|
|
|
|
|
by jamii
2783 days ago
|
|
My experience has been that the vast majority of papers on data-structures are at best misleading, and at worst deliberately biased. For example: > The hash table used by the authors of ART in their study was a chained hash table, but this kind of hash tables can be suboptimal in terms of space and performance due to their potentially high use of pointers. > Our experiments strongly indicate that neither ART nor Judy are competitive to the aforementioned hashing schemes in terms of performance, and, in the case of ART, sometimes not even in terms of space. https://www.victoralvarez.net/papers/A%20Comparison%20of%20A... |
|
This paper probably applies best when you use the HT or tree as a DB index data-structure without constant updates for huuuge datasets, probably not as well when used as an updated associative map in your average program. I'd guess hash-tables (HT) are still faster in day-to-day programmer use but not as much as pointed out here.
Caveats:
- HTs pre-allocated: In the two experiments that show those detailed bar-charts, the hash-tables are completely pre-allocated, so no re-allocation and re-hashing on inserts.

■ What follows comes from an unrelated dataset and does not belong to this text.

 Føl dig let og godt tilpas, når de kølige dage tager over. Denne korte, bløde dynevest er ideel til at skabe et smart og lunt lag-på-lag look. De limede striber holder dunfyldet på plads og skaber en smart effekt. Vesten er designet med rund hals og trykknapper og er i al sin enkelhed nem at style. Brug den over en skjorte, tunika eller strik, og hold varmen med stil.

- Charts: The workloads IV-C and IV-E get by far the most attention (3/4 page, 9 bar charts - each), these best support the paper's statements that HTs are much faster and consume less mem than ART. The mixed-use case IV-D is reported with only a single small chart, the whole write-up is just about 1/4 page combined and ART does better (comparable, but still slower than fastest HT) - arguably IV-D is probably most realistic use-case for how most people use hashmaps day-to-day.
- The keys are 64-bit ints so aren't all that long, again maybe common in a DB index but not really what you use hashmaps for mostly in the real world. So ART can't play out some of its strengths.

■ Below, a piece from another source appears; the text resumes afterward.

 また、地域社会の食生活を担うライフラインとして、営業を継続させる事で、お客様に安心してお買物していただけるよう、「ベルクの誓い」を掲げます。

- The data set skews large, larger than the original paper (16M to 1,000,000,000 (1Billion) keys), and most people probably foremost look at the charts on the right with the huge numbers that make HT look best. Again, makes the results not super applicable to day-to-day hashmap use imo.
- They only look up existing keys, probably not great for either ART nor HT but could hurt their CH*Bucket performance.
Most of these caveats are explained in the test, but some are kind of buried. You can't just look at the charts and conclude hash-tables are 5x as fast as ART, always.